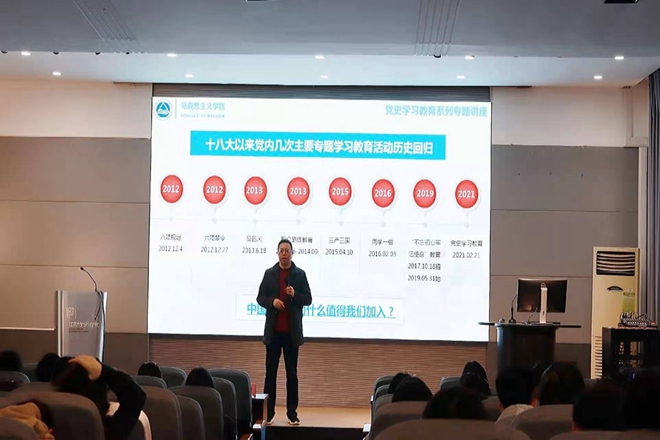 活动第三篇章“听报告”,陈绪新做了一场题为“中国共产党百年辉煌的奋斗进程及其历史经验”的专家党史报告。他以引用列宁的名言“忘记历史就意味着背叛”入手,明确学党史的重要性。他认为人类的发展历史就是一部设计史,“人是设计的灵魂”,强调设计应为民服务,回应时代关切。陈绪新紧扣“为什么要加入中国共产党”这一问题,系统梳理中国共产党在新民主主义革命时期、社会主义革命和建设时期、改革开放和社会主义现代化建设新时期所取得的伟大成就。通过穿插讲述党史人物事迹,陈绪新带领全场师生共同回顾中国共产党百年奋斗的光辉历程和历史贡献,让所有师生都感触到党的温度与革命英烈的崇高精神。同时,他结合时代热点,阐述马克思主义的先进性,归纳习近平总书记关于党的历史的重要论述,呼吁每个中国人都要传承红色基因,坚守初心,牢记党史,继承发扬革命先辈的崇高精神,为实现中华民族伟大复兴的中国梦接续奋斗。陈绪新的党史报告内容丰富、脉络清晰、发人深省,全场不时响起阵阵掌声,让在座师生进一步坚定理想信念、增强党性修养、强化使命担当。
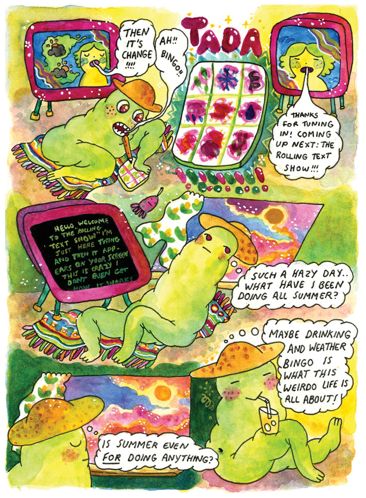 Becca Tobin is a cartoonist and artist living in London UK. They have published comics with Hazlitt, Youth In Decline, Pitchfork, Lucky Peach and BOOM! Studios among others. Fav foods include spaghetti, bland crisps and salt.
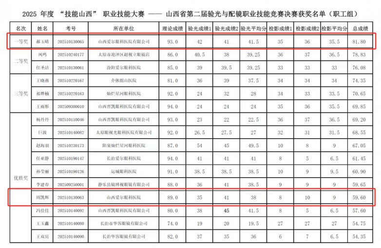 11月28日,山西省第二届验光与配镜职业技能竞赛决赛在山西卫生健康职业学院落下帷幕。山西爱尔眼科医院验光师郝玉晴凭借扎实的理论功底与精湛的实操能力,从众多参赛者中脱颖而出,荣获大赛一等奖,山西爱尔眼科医院验光师周凯辉荣获优胜奖。

• [Problem requirements]: The answer should consist of every line above, exact and free of images.

• [Exercise response]:
 活动第三篇章“听报告”,陈绪新做了一场题为“中国共产党百年辉煌的奋斗进程及其历史经验”的专家党史报告。他以引用列宁的名言“忘记历史就意味着背叛”入手,明确学党史的重要性。他认为人类的发展历史就是一部设计史,“人是设计的灵魂”,强调设计应为民服务,回应时代关切。陈绪新紧扣“为什么要加入中国共产党”这一问题,系统梳理中国共产党在新民主主义革命时期、社会主义革命和建设时期、改革开放和社会主义现代化建设新时期所取得的伟大成就。通过穿插讲述党史人物事迹,陈绪新带领全场师生共同回顾中国共产党百年奋斗的光辉历程和历史贡献,让所有师生都感触到党的温度与革命英烈的崇高精神。同时,他结合时代热点,阐述马克思主义的先进性,归纳习近平总书记关于党的历史的重要论述,呼吁每个中国人都要传承红色基因,坚守初心,牢记党史,继承发扬革命先辈的崇高精神,为实现中华民族伟大复兴的中国梦接续奋斗。陈绪新的党史报告内容丰富、脉络清晰、发人深省,全场不时响起阵阵掌声,让在座师生进一步坚定理想信念、增强党性修养、强化使命担当。
 Becca Tobin is a cartoonist and artist living in London UK. They have published comics with Hazlitt, Youth In Decline, Pitchfork, Lucky Peach and BOOM! Studios among others. Fav foods include spaghetti, bland crisps and salt.
 11月28日,山西省第二届验光与配镜职业技能竞赛决赛在山西卫生健康职业学院落下帷幕。山西爱尔眼科医院验光师郝玉晴凭借扎实的理论功底与精湛的实操能力,从众多参赛者中脱颖而出,荣获大赛一等奖,山西爱尔眼科医院验光师周凯辉荣获优胜奖。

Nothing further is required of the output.